The academy and “free school” initiatives are prominent coalition government policies, designed to grant schools greater freedom to innovate and drive up standards. But with freedom comes greater responsibility on a headteacher’s shoulders to manage resources effectively – as well as managing pupil behaviour and teacher performance.

It is therefore hardly surprising that business schools and universities are anticipating an increase in the number of headteachers enrolling on MBA and other management and leadership programmes.

Almost 60 per cent of current heads in state-funded schools hold the National Professional Qualification for Headship (NPQH). This course, which is free for state-school heads, became mandatory in 2009 for all first-time headteachers working in the state sector. But the coalition government has made the NPQH optional again. Education secretary Michael Gove has asked the National College, which runs the NPQH, to revise the course so that it could be “seen in the same light as an MBA”. A wider range of providers, including universities, will be able to run the NPQH, which will link more closely to masters and other postgraduate qualifications, allowing trainee heads to move on to a higher degree if they wish.

In the meantime, universities and business schools have an opportunity to meet growing demand.

Mark Pegg is a director of Ashridge Business School, responsible for custom executive education business where clients include the Bank of England and the City of London. But he is also a parent with children at Dr Challoner’s Grammar School and in his role as a deputy chair of governors spotted a need for developing emerging leaders within the school.

He rolled out the School Leadership Development Programme at Ashridge in 2009. The programme began with six teachers from Dr Challoner’s and its sister school for girls. Last year it enrolled 11 teachers from six schools in the locality. Half a dozen Ashridge faculty staff give their time for free.

“I saw similarities between what needed to happen in schools with the sort of things we develop for senior managers and leaders in larger companies and public sector organisations,” says Mr Pegg, who doesn’t rule out awarding the programme diploma or even degree status at some point.
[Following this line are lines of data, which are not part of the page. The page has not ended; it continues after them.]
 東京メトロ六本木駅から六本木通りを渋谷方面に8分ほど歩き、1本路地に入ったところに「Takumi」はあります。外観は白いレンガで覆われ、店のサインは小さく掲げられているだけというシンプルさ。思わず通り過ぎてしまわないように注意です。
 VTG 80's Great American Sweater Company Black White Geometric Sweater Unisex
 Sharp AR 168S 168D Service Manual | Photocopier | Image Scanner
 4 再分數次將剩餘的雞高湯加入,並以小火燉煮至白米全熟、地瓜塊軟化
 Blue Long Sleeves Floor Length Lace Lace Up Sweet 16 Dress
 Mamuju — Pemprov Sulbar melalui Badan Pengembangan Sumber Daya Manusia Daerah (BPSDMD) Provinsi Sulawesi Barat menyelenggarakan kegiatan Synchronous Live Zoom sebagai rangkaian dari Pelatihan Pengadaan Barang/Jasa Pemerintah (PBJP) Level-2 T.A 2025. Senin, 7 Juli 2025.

A handful of specialist education MBAs already exist. Keele University offers a two-year part-time education MBA and Canterbury Christ Church University delivers a one-year full-time MBA in education leadership and management via a partnership between its business school and faculty of education. And the University of London-affiliated Institute of Education (IoE) offers a two-year part-time MBA in educational leadership. “Leadership is leadership and the same principles apply in industry as in education. But what differs is context,” says programme director Tracey Allen.
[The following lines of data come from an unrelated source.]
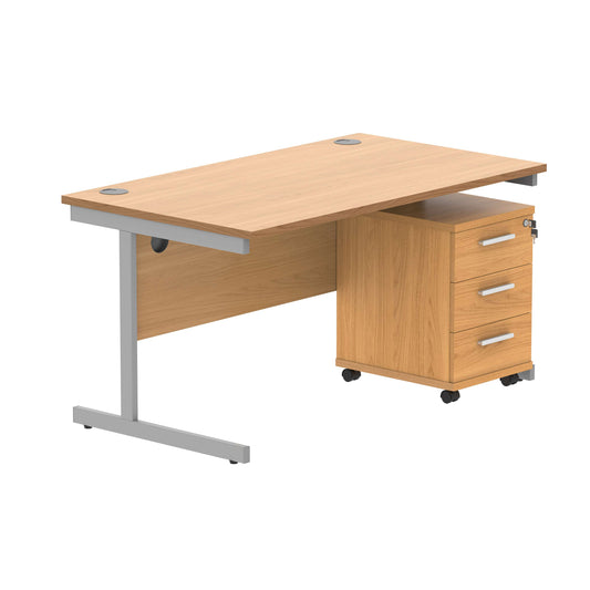 Single Upright Rectangular Desk + 3 Drawer Mobile Under Desk Pedestal (FSC)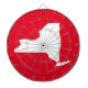 Forma de mapa blanco del estado de Nueva York contra el rojo brillante. El fondo está decorado con otro color rojo o con otros colores. Agregue texto personalizado para crear su propio tablero de dardos. También puede cambiar el color de la forma del mapa blanco de Nueva York.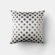 A black and white pillow. Black squares, geometrical pattern. White background colour.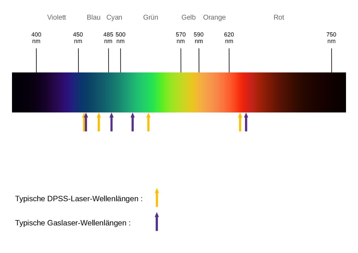 Geeignete LaserBei der Auswahl des passenden Lasers sollte vor allem die nötige Leistung für die Belichtung des Films berücksichtigt werden. Für die Belichtung des Polymers auf den 52 mm x 76 mm Filmplatten sind Laser ab etwa 100 mW Leistung sinvoll. Die Farbe des Lichts, das ein Laser emittiert, ist abhängig von der Wellenlänge. Schreibt man ein Reflexionshologramm mit einem Nd:YAG-Laser, der mit einer Wellenlänge von 532 nm im grünen Beriech liegt, wird es nach der Aufnahme im Weißlicht auch mit dem grünen Anteil des Lichts rekonstruiert. Farbechte Hologramme können mit drei Lasern im jeweils roten, grünen und blauen Bereich hergestellt werden, die Komplexität eines solchen Aufbaus übersteigt jedoch den Zweck dieser Anleitung. Verschiedene Laser-Modelle, die für die Bildholografie interessant sind, emittieren fest definierte Wellenlängen im sichtbaren Bereich des Lichts. Für die Bildholographie kommen drei Laser-Typen in Frage: Dioden-Laser, Festkörper-Laser (Diode Pumped Solid State, DPSS) und Gaslaser: Diodenlaser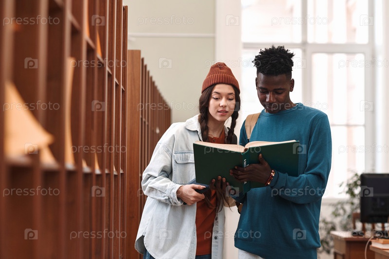 Молодой мужчина и женщина читают книгу, стоящие в библиотеке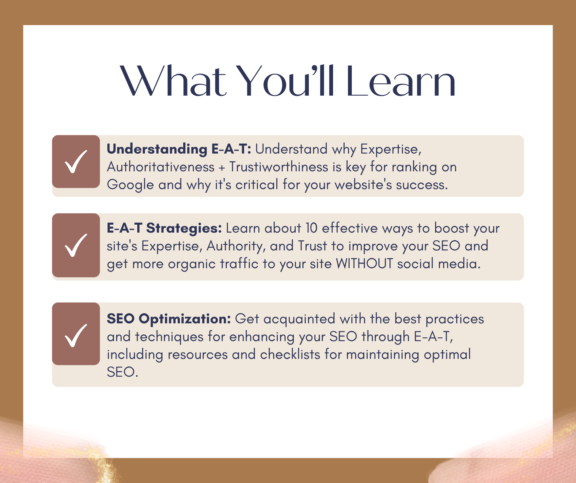 How can I apply the E-A-T strategies to my website? During the workshop, we'll be providing actionable strategies and checklists to help you implement what you've learned on your website.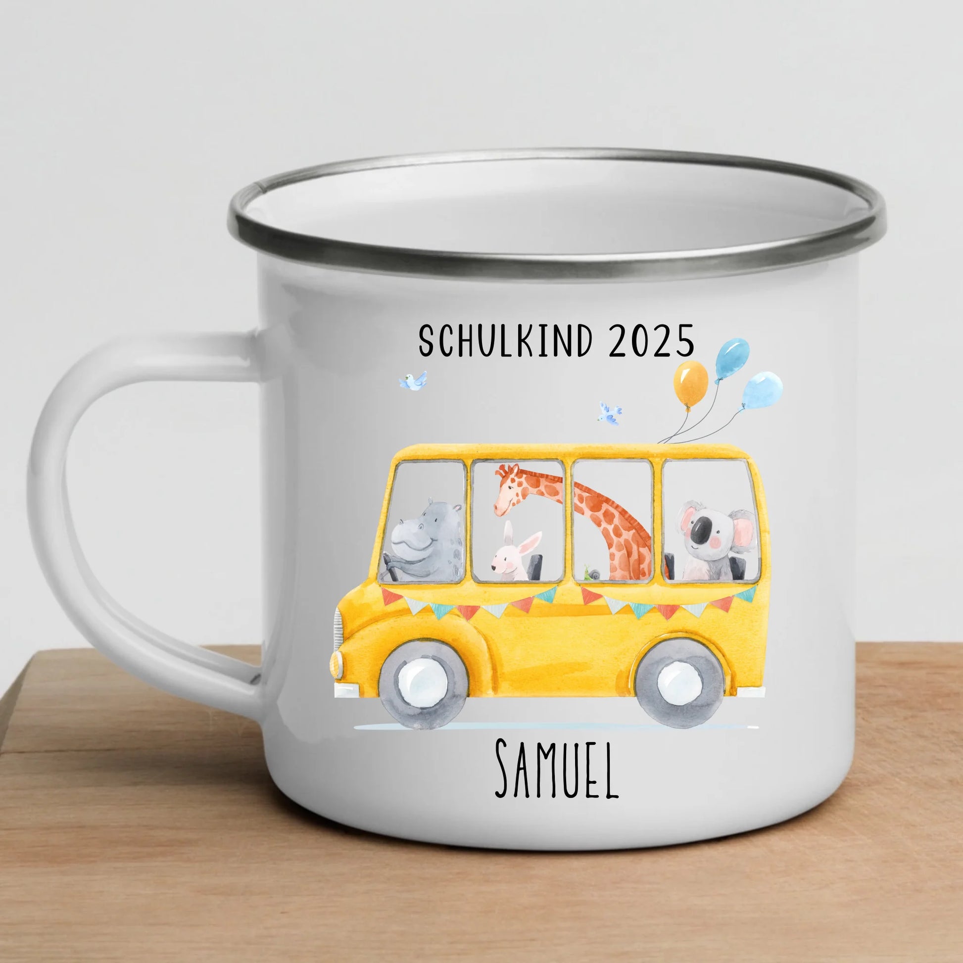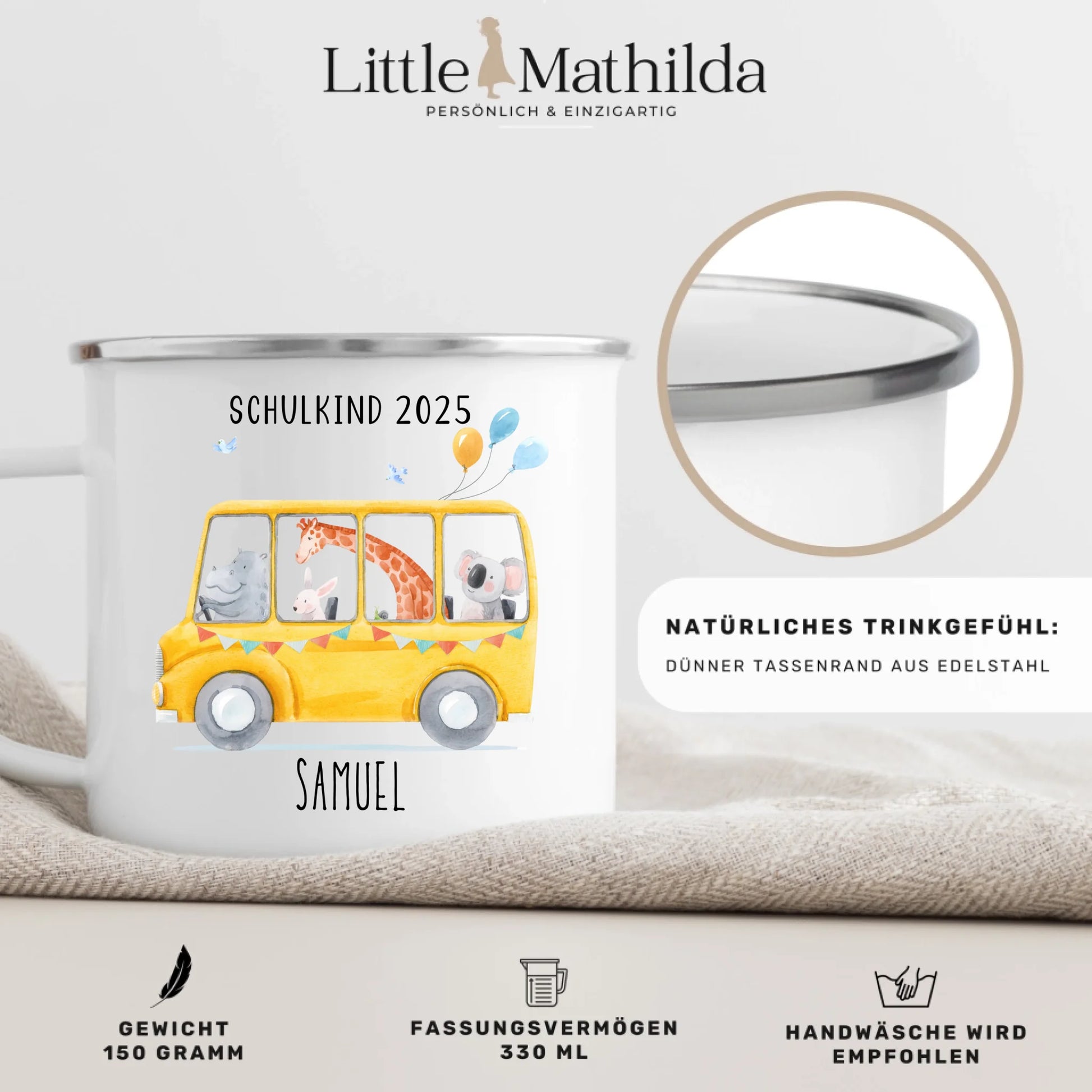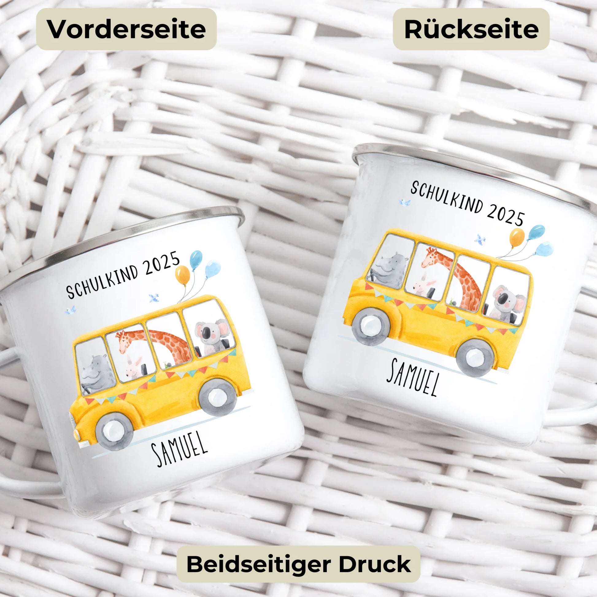 Personalisierte Emaille-Tasse mit Tier-Schulbus – Wunschtext & Name möglich

The MBA fee at IoE is £11,000 – a snip compared with the cost of a typical MBA. But headteachers should not rule out the value of a general MBA either, says Andrew Day, who is beginning his job as executive director of the Northumberland Church of England Academy. Mr Day started his career as a teacher, then took an MBA at Durham Business School and ran his own travel business for 10 years, before returning to teach in 2006.

“The financial training, quality assurance and HR modules of my MBA are what I’ve found to be most useful,” says Mr Day.

“Whether you go down a specialist or general MBA route doesn’t really matter. But people in education shouldn’t be blinkered. On my general MBA I was learning with and from people working at ICI, Nissan and the NHS, and we found a whole range of similarities.”